Demikianlah, bahasa menjadi sebuah alat dalam melihat karakter penulisnya, demikian menurut Nurenzia. "Bisa mengungkapkan suatu hal yang spesifik atau menertawakan sesuatu hal."

Buku IDAB menjadi batu loncatan yang penting terkait dengan historiografi Indonesia karena banyak fakta sosial dan budaya yang tidak terangkat pada buku arus utama, kata Mahandis.

"Tjamboek Berdoeri mengungkapkan sisi gelap revolusi kita.
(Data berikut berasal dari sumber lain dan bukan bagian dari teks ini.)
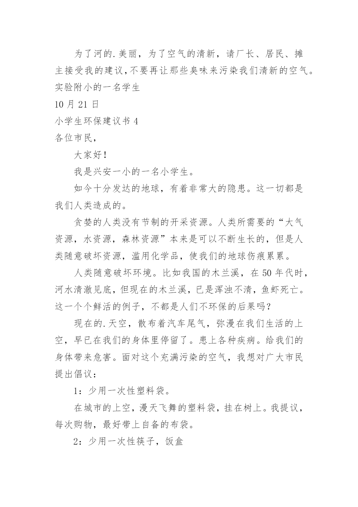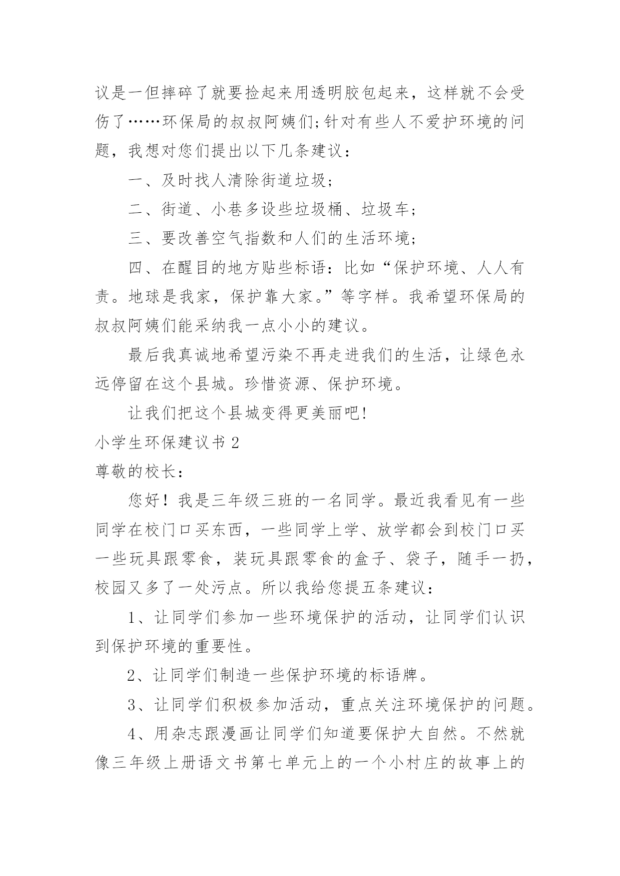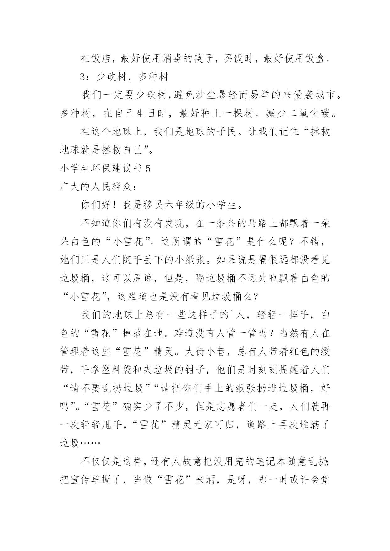 小学生环保建议书小学生环保建议书15篇现如今,很多地方都会使用到建议书,建议书是个人或者单位有关方面为了开展某项工作,完成某项任务或进行某种活动而倡议大家一起做什么事情,或提出合理化的意见、建议时使用的一种文体。相信写建议书是一个让许多人都头痛的问题,下面是小编精心整理的小学生环保建议书,欢迎阅读与收藏。小学生环保建议书1环保局的叔叔阿姨们;你们好!我是一名六年级的小学生,我和我的朋友们都渴望在一个美丽的环境下生活、学习。可是,现在的环境,已经算是被污染了。所以,环保局的叔叔阿姨们,能采纳我的建议让我们把它变得更美丽吧!地发货好地球是我们的母亲,是生命的`摇篮。我们“善待地球就是善待自己”现在有许多的人破坏了环境,例如;河水中到处都是白色垃圾;大量未经处理的污水被排放到江河中;还有一点更是重要的,如果人们把碗个摔碎了,就直接扔进了垃圾桶,如果有人去清理垃圾桶时一不小心就会把手给划破了,这样会对人们带来危害的,我的建议是一但摔碎了就要捡起来用透明胶包起来,这样就不会受伤了……环保局的叔叔阿姨们;针对有些人不爱护环境的问题,我想对您们提出以下几条建议:一、及时找人清除街道垃圾;二、街道、小巷多设些垃圾桶、垃圾车;三、要改善空气指数和人们的生活环境;四、在醒目的地方贴些标语:比如“保护环境、人人有责。地球是我家,保护靠大家。”等字样。我希望环保局的叔叔阿姨们能采纳我一点小小的建议。最后我真诚地希望污染不再走进我们的生活,让绿色永远停留在这个县城。珍惜资源、保护环境。让我们把这个县城变得更美丽吧!小学生环保建议书2尊敬的校长:您好!我是三年级三班的一名同学。最近我看见有一些同学在校门口买东西,一些同学上学、放学都会到校门口买一些玩具跟零食,装玩具跟零食的盒子、袋子,随手一扔,校园又多了一处污点。所以我给您提五条建议:1、让同学们参加一些环境保护的活动,让同学们认识到保护环境的重要性。2、让同学们制造一些保护环境的标语牌。3、让同学们积极参加活动,重点关注环境保护的问题。4、用杂志跟漫画让同学们知道要保护大自然。不然就像三年级上册语文书第七单元上的一个小村庄的故事上的人们,因为不保护大自然,就收到大自然的惩罚。5、多组织活动,让同学跟家长都参加,加强环保意识。校长,我这五条建议请您收下,希望您在百忙之中抽出一点时间,看看我的`建议书,采纳我的建议,让我们的校园变得更美丽,空气更清新。小学生环保建议书3河旁边的居民和周围的厂长:我是实验附小的一名小学生。我在回家时经过河,看见河里的水都发黑发臭了。以前的河可不是这样的。那时河水清澈见底,河里的鱼儿都很肥,许多的人都在这钓鱼呢!可现在河水发黑发臭,小鱼。小虾早搬家了。虽然河的两岸种了树,河底铺了鹅卵石,但人们还是看都不看一眼就走了。它无奈地垂下了头,像生命垂危的老人。为什么河河水会发黑发臭呢?经过调查后,我才知道是因为周围的工厂把工业废水直接排到河里,让它变得发黑发臭了。另一个原因就是附近的居民也把没有经过处理的生活用水直接排到河里。还有一个原因是路边路边摆水果摊的人常常把烂水果扔到河里,日久天长,河水也就变臭了。因此,我向你们提出建议:1、工厂里的水先进行处理,然后循环使用。2、生活用水也可以先进行处理,然后排到河里。3、在河旁边多设几个垃圾桶,让摊主不要把垃圾扔到河里,而是扔到垃圾桶里。为了河的.美丽,为了空气的清新,请厂长、居民、摊主接受我的建议,不要再让那些臭味来污染我们清新的空气。实验附小的一名学生10月21日小学生环保建议书4各位市民,大家好!我是兴安一小的一名小学生。如今十分发达的地球,有着非常大的隐患。这一切都是我们人类造成的。贪婪的人类没有节制的开采资源。人类所需要的“大气资源,水资源,森林资源”本来是可以不断生长的,但是人类随意破坏资源,滥用化学品,使我们的地球伤痕累累。人类随意破坏环境。比如我国的木兰溪,在50年代时,河水清澈见底,但现在的木兰溪,已是浑浊不清,鱼虾死亡。这一个个鲜活的例子,不都是人们不环保的后果吗?现在的.天空,散布着汽车尾气,弥漫在我们生活的上空,早已在我们的身体里停留了。患上各种疾病。给我们的身体带来危害。面对这个充满污染的空气,我想对广大市民提出倡议:1:少用一次性塑料袋。在城市的上空,漫天飞舞的塑料袋,挂在树上。我提议,每次购物,最好带上自备的布袋。2:少用一次性筷子,饭盒在饭店,最好使用消毒的筷子,买饭时,最好使用饭盒。3:少砍树,多种树我们一定要少砍树,避免沙尘暴轻而易举的来侵袭城市。多种树,在自己生日时,最好种上一棵树。减少二氧化碳。在这个地球上,我们是地球的子民。让我们记住“拯救地球就是拯救自己”。小学生环保建议书5广大的人民群众:你们好!我是移民六年级的小学生。不知道你们有没有发现,在一条条的马路上都飘着一朵朵白色的“小雪花”。这

Saat Jepang masuk Kota Malang diakhiri situasi tragis saat pembantaian di Mergosono. ini menjadi pijakan kita terkait masa silam Indonesia," pungkasnya. "Melalui kesadaran sejarah, semoga peristiwa yang melukai kemanusiaan itu tidak pernah terjadi lagi."

Kwee Thiam Tjing berpesan kepada kita bahwa untuk mencapai kesadaran perlu pemahaman. "Dan boeat bikin sedar diri sendiri, ini hal tida aken bisa kedjadian bila kita poenja kepandean tjoema bisa plembang-plemboeng seperti kodok dalem soemoer."